Sort score distribution by decreasing value of significance. By default, the score distributions are sorted by score (weight).

-bg_distrib bg_distrib_file

File specifying the background score distribution used to estimate prior probabilities with the option -return occ_proba. When this file is specified, the prior probabilities of motif occurrences are estimated from the frequencies of the background file, rather than using the theoretical site-wise P-value.

This background distribution can be generated by running matrix-scan on a set of background sequences, with the options

matrix-proba -v 1 -return distrib -mlist matrix_list.txt -i bg_seq.fta [...]

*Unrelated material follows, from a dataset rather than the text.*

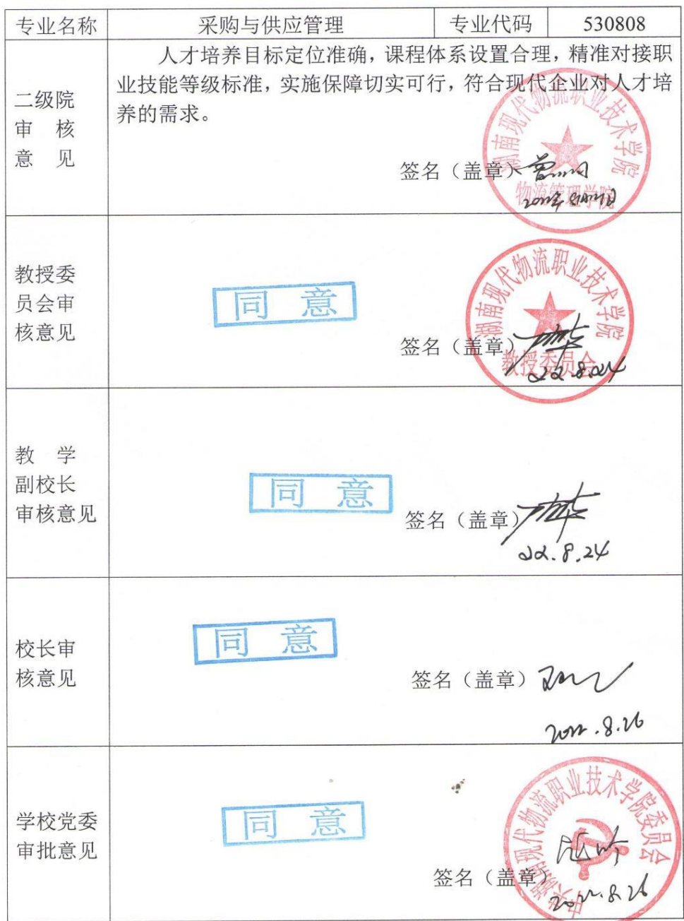
附表 7 专业人才培养方案审批表

Various types of background sequences can be used as background model: whole genome, whole set of upstream sequences, randomly generated sequences, ... The choice of the background model has a strong effect on the estimated significance, and should thus be done carefully, according to the biological question.

-crer_ids

Assign one separate feature ID per CRER This option is convenient to distinguish separate CRERs, but it can be heavy for feature-map legends, especially when many CRERs are detected.

-recursive

Run matrix-scan separately for each sequence.

-batch #

Dispatch matrix-scan jobs on a cluster. Number of sequences to be analyzed by job (= on each node of the cluster)

INTERNAL PROCEDURES

score_segment

Assign a score to a sequence segment and print it if it passes the thresholds. Return value is 1 if the segment passed the thresholds.

p-score

Compute the p-score as in Bailey 2003.

print_match

Print the matching site.

INTERNAL PROCEDURES

score_crer

Calculate the score of the crer

print_crer

Print the CRER.

check_thresholds

Check the lower and upper threshold for a given hit.

check_distrib_thresholds

Check the lower and upper threshold for a given parameter in the score distribution.